L'ouverture culturelle

Par coordo dupaysblanc, publié le jeudi 20 décembre 2012 23:16 - Mis à jour le vendredi 18 janvier 2013 18:17

Je lis du théâtre 2016 - Rencontre avec Jean-Pierre CANNET

Paretanriat avec la médiathèque ATHANOR de Guérande et la compagnie ATHENOR de Saint Nazaire pour la 3° année.

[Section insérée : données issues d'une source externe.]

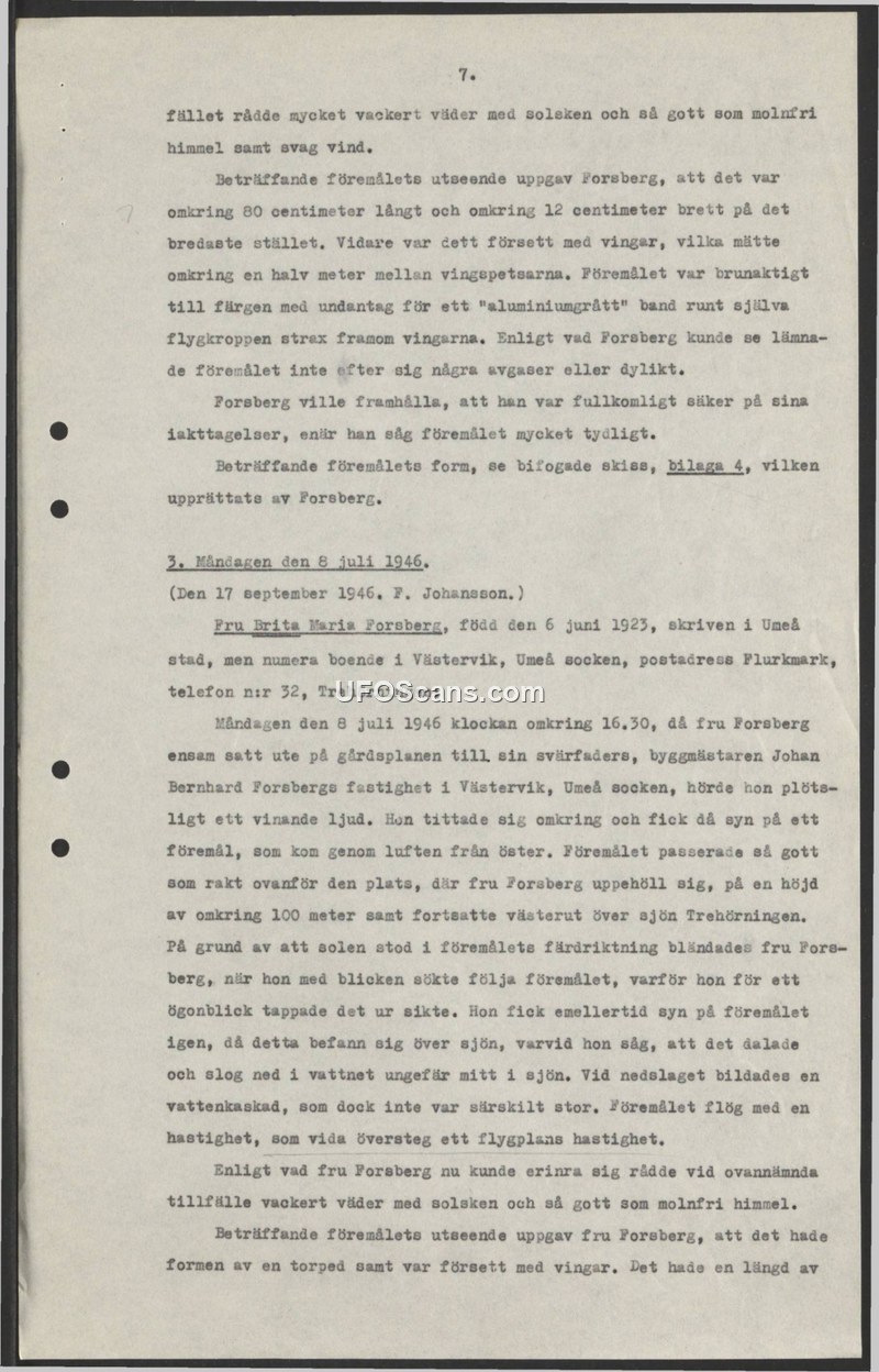 Sighting Report: Brita Maria Forsberg, 8 July 1946

Les élèves lisent 8 pièces de théâtre contemporain d'octobre à avril. Ils élisent ue pièce coup de coeur, choisissent un extrait et préparent leur argumentaire. Ils rencontrent un des auteurs et un comédien se déplace au collège pour aider à la préparation d'une formule "mise en voix/mise en scène" de l'extrait du coup de coeur. Enfin, les élèves présentent leur argumentaire et leur "mise en voix/mise en scène" devant d'autres classes sur scène à Athanor.

Article élève 5°C

J'ai été ravie de rencontrer avec ma classe de 5ème C  Jean-Pierre Cannet, l'auteur de la pièce Caddie.

    J'avais beaucoup aimé son livre qui parle du sentiment d'enfermement d'une femme qui a tout ce qu'il faut pour être heureuse mais qui étouffe entre son mari riche et son fils de 12 ans.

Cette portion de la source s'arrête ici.